Results for this Gallup poll are based on telephone interviews conducted Aug. 5-9, 2015, on the Gallup U.S. Daily survey, with a random sample of 213 K-12 parents, aged 18 and older, living in all 50 U.S. states and the District of Columbia. For results based on the total sample of parents, the margin of sampling error is ±9 percentage points at the 95% confidence level. All reported margins of sampling error include computed design effects for weighting.

Subgroup analysis represents aggregated data from 2012 to 2015. For results based on the total sample of 645 fathers, the margin of sampling error is ±5 percentage points at the 95% confidence level. For results based on the total sample of 533 mothers, the margin of sampling error is ±5 percentage points at the 95% confidence level. For results based on the total sample of 854 whites, the margin of sampling error is ±4 percentage points at the 95% confidence level. For results based on the total sample of 296 nonwhites, the margin of sampling error is ±7 percentage points at the 95% confidence level. For results based on the total sample of 197 parents whose households earn less than $30,000, the margin of sampling error is ±9 percentage points at the 95% confidence level. For results based on the total sample of 409 parents whose households earn between $30,000 and $74,999, the margin of sampling error is ±6 percentage points at the 95% confidence level.

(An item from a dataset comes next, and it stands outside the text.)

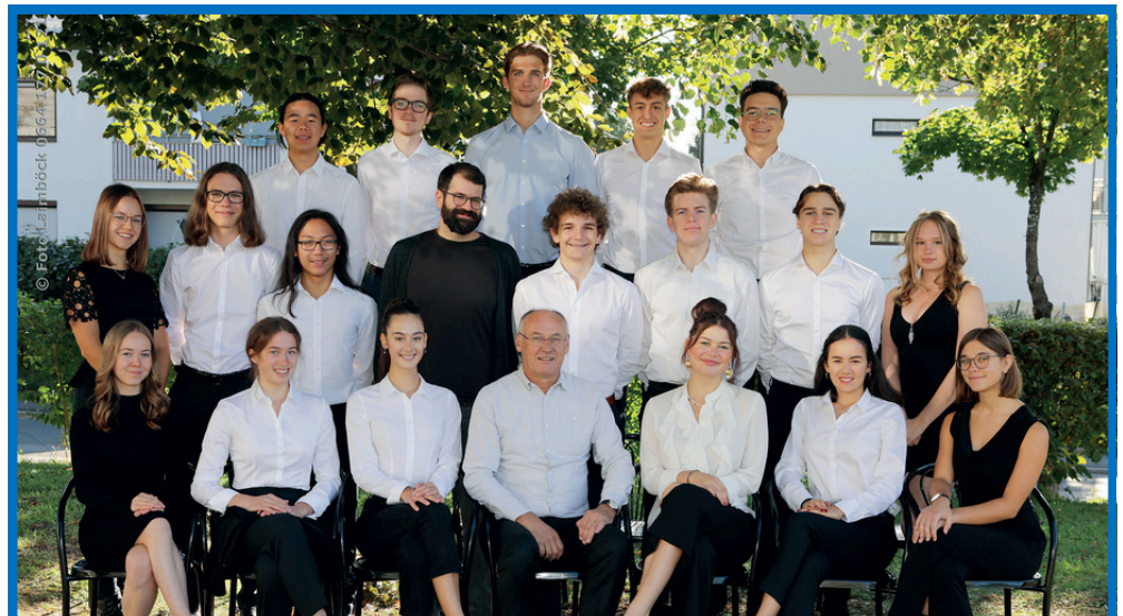
Klasse 8b Matura 2023
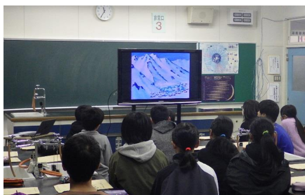
雪崩防災ビデオに集中する児童

児童代表から「身近に雪崩危険箇所があることが分かった。雪崩が起きる前兆を見つけたら注意したい。」との感想をいただきました。

For results based on the total sample of 490 parents whose households earn $75,000 or more, the margin of sampling error is ±5 percentage points at the 95% confidence level.

Each sample of national adults includes a minimum quota of 50% cellphone respondents and 50% landline respondents, with additional minimum quotas by time zone within region. Landline and cellular telephone numbers are selected using random-digit-dial methods.